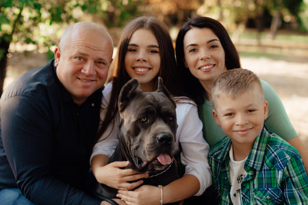Happy big family with labrador retriever dog playing in park. Love and affection for pets, friendship companion. Dog breed - Cane Corso
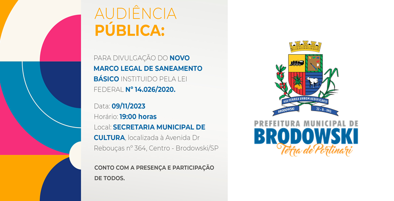 A PREFEITURA DO MUNICIPIO DE BRODOWSKI/SP divulga para conhecimento público, que, em 09 de NOVEMBRO DE 2023, às 19h, na SECRETÁRIA MUNICIPAL DE CULTURA, localizada à Avenida Dr. Rebouças nº 364, Centro, nesta cidade de BRODOWSKI/SP realizar-se-á AUDIÊNCIA PÚBLICA para apresentação e divulgação do NOVO MARCO LEGAL DE SANEMANETO BÁSICO.
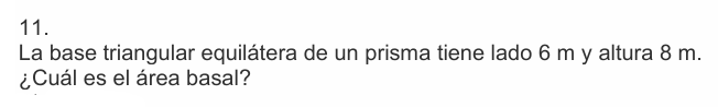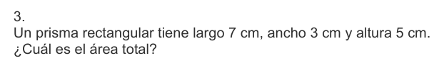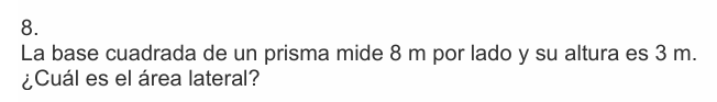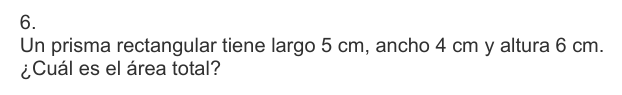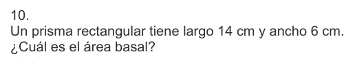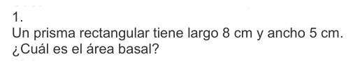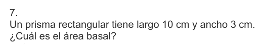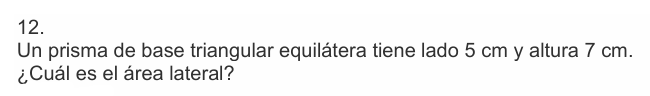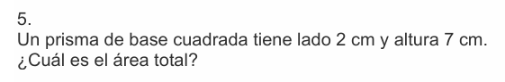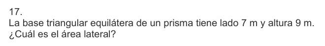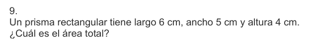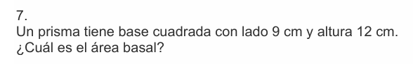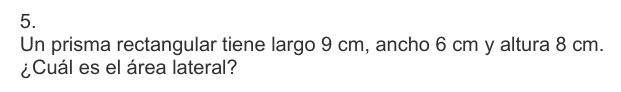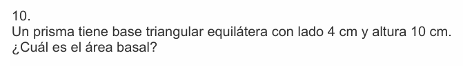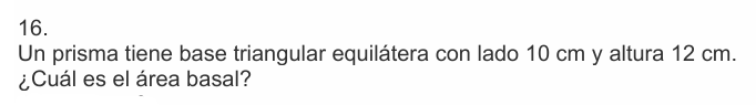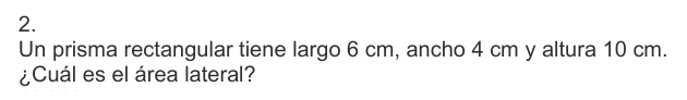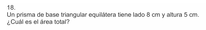 Examen de Figuras 3d - Prismas /10 Examen para 9no - Mate Figuras en 3d - Prismas Este examen para practicar solo contiene 10 preguntas de Figuras en 3d - Prismas (de base cuadrada, triangular y rectangular) 1 / 10 1) 168 m² 2) 210 m² 3) 189 m² 2 / 10 1) 18 cm² 2) 81 cm² 3) 162 cm² 3 / 10 1) 40 cm² 2) 26 cm² 3) 80 cm² 4 / 10 1) 96 m² 2) 72 m² 3) 192 m² 5 / 10 1) 43.30 cm² 2) 25.00 cm² 3) 86.00 cm² 6 / 10 1) 240 cm² 2) 216 cm² 3) 360 cm² 7 / 10 1) 120 cm² 2) 105 cm² 3) 90 cm² 8 / 10 1) 148 cm² 2) 208 cm² 3) 188 cm² 9 / 10 1) 60 cm² 2) 56 cm² 3) 64 cm² 10 / 10 1) 160.00 cm² 2) 139.43 cm² 3) 153.43 cm² Déjanos tus datos para que puedas aprender con nuestros profesionales Tu puntación es 0% Reinicia el cuestionario Salir Clic para volver a pagina principal
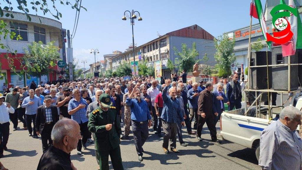 به گزارش پایگاه خبری جلال شرق، مراسم تشییع پیکر پاک «شهید سید حمیدرضا صدیقی صابر» از شهدای جنایت تروریستی رژیم صهیونسیتی ساعت ۱۰صبح از کانون جوانان بسیج جوانان آغاز و پس از حضور تشییع کنندگان در صحن حرم مطهر سلطان سید جلال الدین اشرف و قرائت نماز میت توسط امام جمعه این شهرستان و آت شزدن پرچم اسرائیل تا گلزار شهدای این شهرستان برای تدفین ادامه یافت و پس از تدفین پیک پاک شهید، نماز جمعه در گلزار شهدا برگزارشد
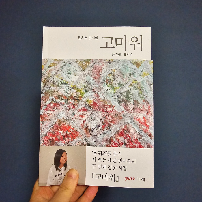 민시우 동시집 '고마워' 비가 온다. 한 방울, 두 방울, 뺨을 스치듯 흔적 없이 내리던 비가 고속도로 위로 차를 올렸을 무렵에는 억수같이 쏟아진다. 먼 길을 달려 낯선 곳에서 몇 마디의 인터뷰를 진행하고 다시 나의 공간으로 돌아오는 날 학원 아이들의 시끌벅적한 재잘거림이 빗소리에 묻혀 아득해지는 시간 창가 의자에 앉아 초등학교 5학년 어린이가 쓴 동시집을 펼쳤다. 제주 소년 민시우의 두 번째 동시집 '고마워' 초등학생 남자 아이의 감성이 이렇게 아름다울 수가 없다. 폐암으로 엄마를 먼저 하늘나라로 보낸 소년이 엄마에 대한 그리움을 한 권의 동시집에 담았다. 꼬마 시인은 현재 제주도에서 영화감독인 아빠와 함께 지내고 있다. 이 시집은 천국에 있는 엄마에게 보내는 시우의 그리움이 담겨있다. 엄마가 꼭 다시..
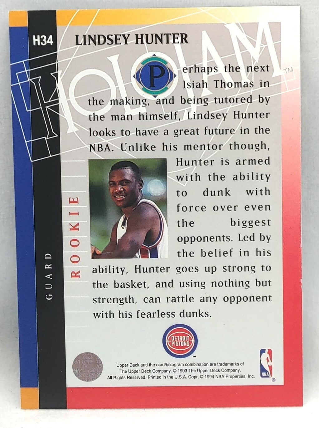 NBA - Lindsay Hunter Holojam H34 1993 Upper Deck NM/M Card. Card is in NM/M condition. Card will be sent...

» **AIM OF THE TASK**
Exact repetition is required for the lines from the first one in the listing through the one that holds "민시우 동시집 '고마워'", and pictures are to be omitted.

» **TASK ANSWER**
Happy big family with labrador retriever dog playing in park. Love and affection for pets, friendship companion. Dog breed - Cane Corso
 A PREFEITURA DO MUNICIPIO DE BRODOWSKI/SP divulga para conhecimento público, que, em 09 de NOVEMBRO DE 2023, às 19h, na SECRETÁRIA MUNICIPAL DE CULTURA, localizada à Avenida Dr. Rebouças nº 364, Centro, nesta cidade de BRODOWSKI/SP realizar-se-á AUDIÊNCIA PÚBLICA para apresentação e divulgação do NOVO MARCO LEGAL DE SANEMANETO BÁSICO.
 Examen de Figuras 3d - Prismas /10 Examen para 9no - Mate Figuras en 3d - Prismas Este examen para practicar solo contiene 10 preguntas de Figuras en 3d - Prismas (de base cuadrada, triangular y rectangular) 1 / 10 1) 168 m² 2) 210 m² 3) 189 m² 2 / 10 1) 18 cm² 2) 81 cm² 3) 162 cm² 3 / 10 1) 40 cm² 2) 26 cm² 3) 80 cm² 4 / 10 1) 96 m² 2) 72 m² 3) 192 m² 5 / 10 1) 43.30 cm² 2) 25.00 cm² 3) 86.00 cm² 6 / 10 1) 240 cm² 2) 216 cm² 3) 360 cm² 7 / 10 1) 120 cm² 2) 105 cm² 3) 90 cm² 8 / 10 1) 148 cm² 2) 208 cm² 3) 188 cm² 9 / 10 1) 60 cm² 2) 56 cm² 3) 64 cm² 10 / 10 1) 160.00 cm² 2) 139.43 cm² 3) 153.43 cm² Déjanos tus datos para que puedas aprender con nuestros profesionales Tu puntación es 0% Reinicia el cuestionario Salir Clic para volver a pagina principal
 به گزارش پایگاه خبری جلال شرق، مراسم تشییع پیکر پاک «شهید سید حمیدرضا صدیقی صابر» از شهدای جنایت تروریستی رژیم صهیونسیتی ساعت ۱۰صبح از کانون جوانان بسیج جوانان آغاز و پس از حضور تشییع کنندگان در صحن حرم مطهر سلطان سید جلال الدین اشرف و قرائت نماز میت توسط امام جمعه این شهرستان و آت شزدن پرچم اسرائیل تا گلزار شهدای این شهرستان برای تدفین ادامه یافت و پس از تدفین پیک پاک شهید، نماز جمعه در گلزار شهدا برگزارشد
 민시우 동시집 '고마워' 비가 온다. 한 방울, 두 방울, 뺨을 스치듯 흔적 없이 내리던 비가 고속도로 위로 차를 올렸을 무렵에는 억수같이 쏟아진다. 먼 길을 달려 낯선 곳에서 몇 마디의 인터뷰를 진행하고 다시 나의 공간으로 돌아오는 날 학원 아이들의 시끌벅적한 재잘거림이 빗소리에 묻혀 아득해지는 시간 창가 의자에 앉아 초등학교 5학년 어린이가 쓴 동시집을 펼쳤다. 제주 소년 민시우의 두 번째 동시집 '고마워' 초등학생 남자 아이의 감성이 이렇게 아름다울 수가 없다. 폐암으로 엄마를 먼저 하늘나라로 보낸 소년이 엄마에 대한 그리움을 한 권의 동시집에 담았다. 꼬마 시인은 현재 제주도에서 영화감독인 아빠와 함께 지내고 있다. 이 시집은 천국에 있는 엄마에게 보내는 시우의 그리움이 담겨있다. 엄마가 꼭 다시..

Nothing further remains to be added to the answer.